WHAT THIS TASK INVOLVES
Please write out the full listing beneath this line exactly, skipping its images.
BEGIN LISTED ENTRIES
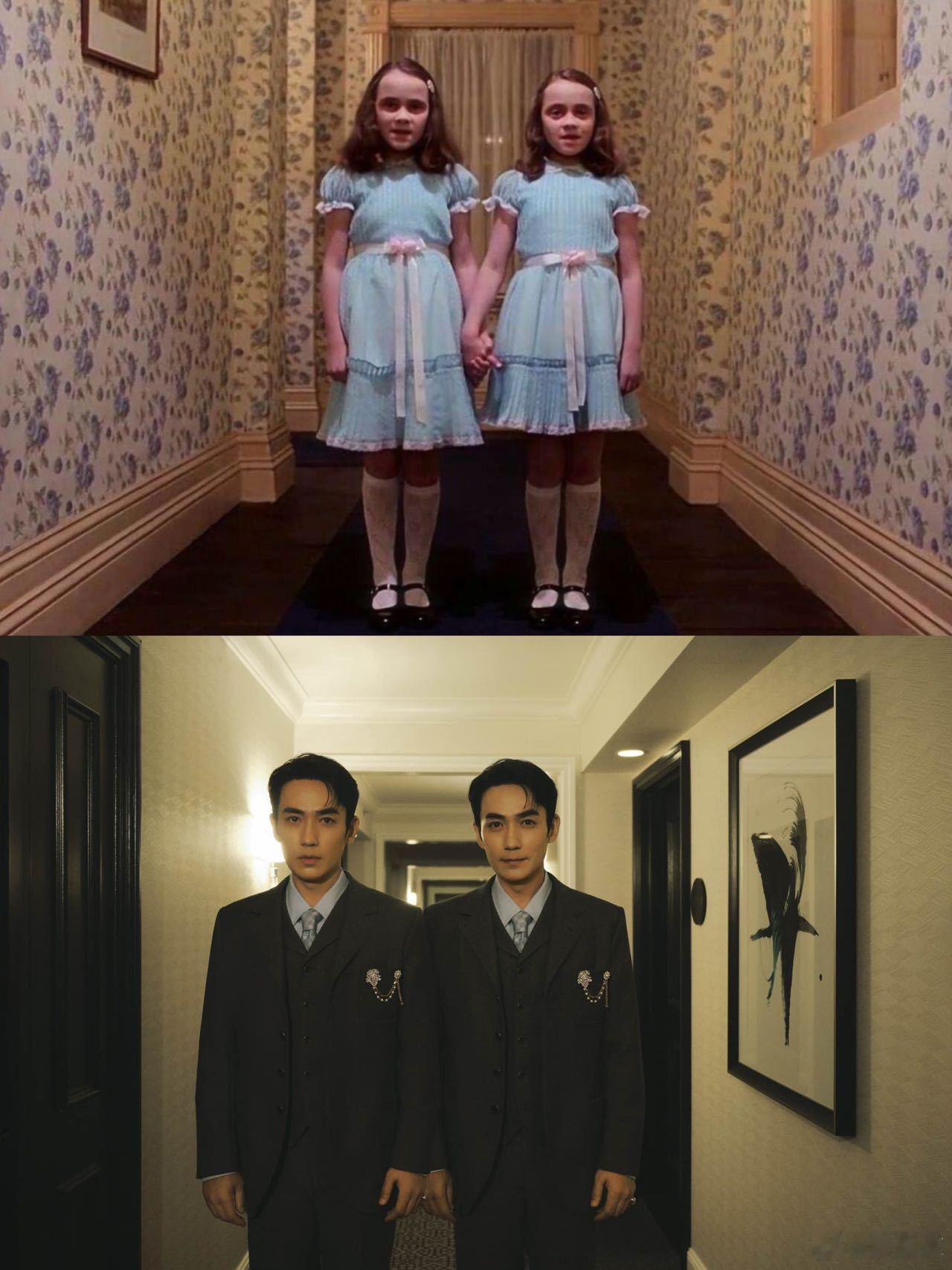 朱一龙造型致敬闪灵 朱一龙vogueworld的出发图太权威了!不仅采用了长画幅符合电影感,还致敬了经典电影《闪灵》中的双胞胎!出发图好符合活动主题,真的能从这些细节中感受到朱一龙的用心,太会拍了! ​​​
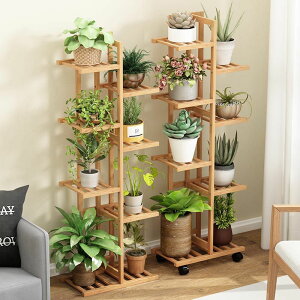 フラワースタンド 花台 プランタースタンド 3段 4段 5段 7段 竹製 ガーデニング 多肉植物スタンド キャスター付き 移動ラクラク 園芸ラック 観葉植物 多肉 鉢植えスタンド
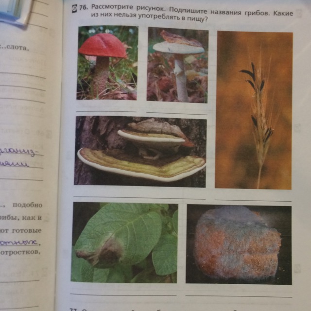 с красной шляпкой-подосиновик,то что рядом-бледная поганка,под ними гриб-трутовик,на листе-фитофтора,рядом-мукор,а последняя-спорынья
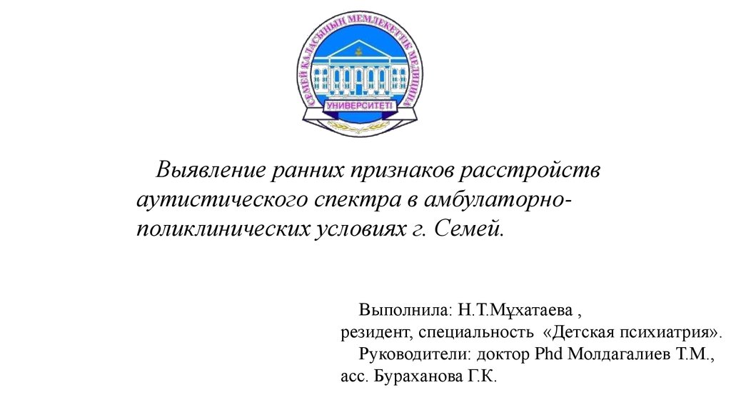 Выявление ранних признаков расстройстваутистического спектра в амбулаторнополиклинических условиях г. Семей.
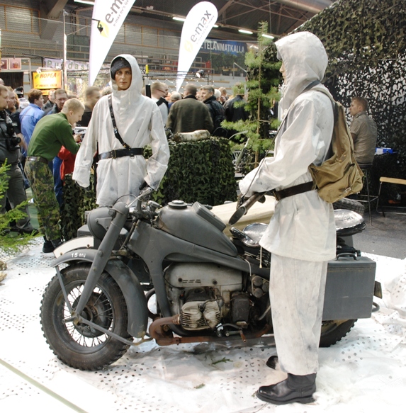 Tuossa kuvassa on sota-Zyndapp, josta olen tehnyt pienoismallin (Esci). Siinähän on pakokaasulämmitys jaloille ja käsille, sillä ohuet kaasuletkut on johdettu sopiviin paikkoihin ja mm. sivuvaunun jalkatiloissa on putkisto lämmittämässä kyydissä olijan jalkoja – savut tulevat ulos pienestä töttöröstä sivuvaunun kyljestä.
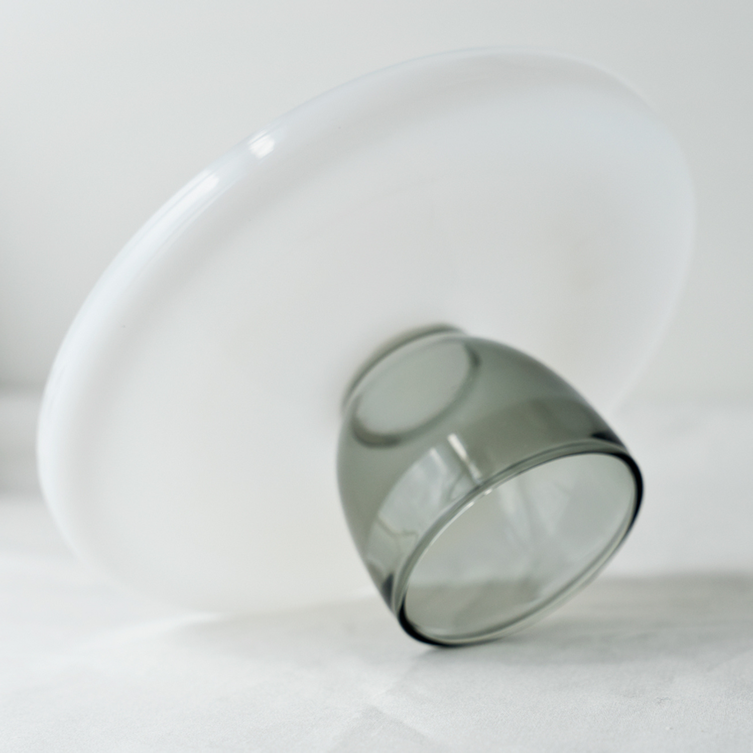採用耐熱乳白玻璃與透明玻璃結合設計,具有高腳座造型與簡約圓頂輪廓,讓日常餐桌也能呈現出層次與儀式感。
END LISTED ENTRIES
TASK RESPONSE
 朱一龙造型致敬闪灵 朱一龙vogueworld的出发图太权威了!不仅采用了长画幅符合电影感,还致敬了经典电影《闪灵》中的双胞胎!出发图好符合活动主题,真的能从这些细节中感受到朱一龙的用心,太会拍了! ​​​
 フラワースタンド 花台 プランタースタンド 3段 4段 5段 7段 竹製 ガーデニング 多肉植物スタンド キャスター付き 移動ラクラク 園芸ラック 観葉植物 多肉 鉢植えスタンド
 с красной шляпкой-подосиновик,то что рядом-бледная поганка,под ними гриб-трутовик,на листе-фитофтора,рядом-мукор,а последняя-спорынья
 Выявление ранних признаков расстройстваутистического спектра в амбулаторнополиклинических условиях г. Семей.
 Tuossa kuvassa on sota-Zyndapp, josta olen tehnyt pienoismallin (Esci). Siinähän on pakokaasulämmitys jaloille ja käsille, sillä ohuet kaasuletkut on johdettu sopiviin paikkoihin ja mm. sivuvaunun jalkatiloissa on putkisto lämmittämässä kyydissä olijan jalkoja – savut tulevat ulos pienestä töttöröstä sivuvaunun kyljestä.
採用耐熱乳白玻璃與透明玻璃結合設計,具有高腳座造型與簡約圓頂輪廓,讓日常餐桌也能呈現出層次與儀式感。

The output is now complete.